Dr. Phil was giving love advice again. I know I should stop myself, but like a semi-truck stuck across all lanes dropping 1,000 pounds of baby carrots onto the 405, I just couldn’t look away. Now don’t blame me too much- it was Friday night, I was home, with my dogs, and a bottle of wine, and well, Dr. Phil giving me dating advice.

The woman on the show was 30. She said men were intimidated by her career. She owned a modeling agency. I figure her dates just want to meet her models, but that’s beside the point. Then Millionaire Matchmaker came out to give her advice- OMG- truly, it’s like the G8 conference of dating experts! She tells the woman to say, “I work in the modeling business.” “Don’t lead with money or your job – that’s intimidating and masculine. Be feminine and lead with what you need from a man.” Neediness as a turn-on? I’m set! But then Dr.
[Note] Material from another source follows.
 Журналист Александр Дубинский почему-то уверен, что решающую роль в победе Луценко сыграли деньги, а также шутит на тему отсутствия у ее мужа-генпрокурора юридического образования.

Phil says, “If what you’re doing isn’t working for you, then change it.”

Oh God. My screen name on OKCupid has my job in it. My scary job. I go to change it. I am determined to scrub away every vestige showing I’m a smart girl who owns real estate and has a fully funded 401(k). I change my screen name to something totally unintimidating- something akin to happyLAgirl. (I really will create a high_income_big_tits profile soon, but that’s a whole different experiment).
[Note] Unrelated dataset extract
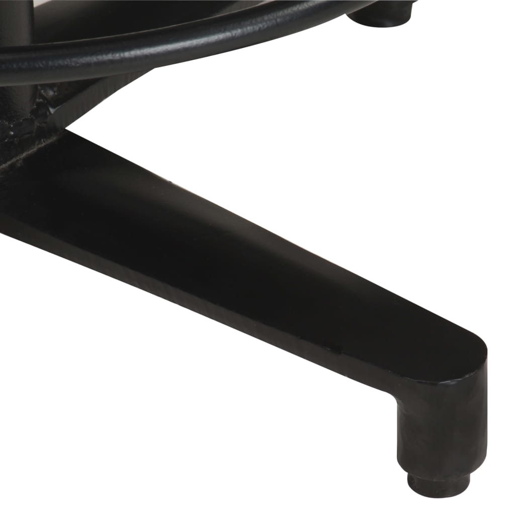 Massief mangohout is een tropisch hardhout. Het heeft de kracht om veel gewicht te dragen en is goed bestand tegen slijtage. Bovendien maken het voortreffelijke vakmanschap en de prachtige houtnerven elke kruk net iets anders dan de rest. De gepoedercoat ijzeren basis draagt bij aan de stabiliteit. De zitkrukken hebben ingebouwde voetensteunen voor extra zitcomfort.

I took my income range off – must not intimidate! I took off my education- entirely. This may be a problem since I search men by their education. I figure if they haven’t been through college, they probably won’t relate to me and my world very well. But I could be wrong- we’ll find out now won’t we? I leave my job as “legal field” and change “what I’m doing with my life” to “living it to the fullest every day.” That sounds like I start with Yoga, work for four or five hours, get two coffees and then play beach volleyball. Awesome.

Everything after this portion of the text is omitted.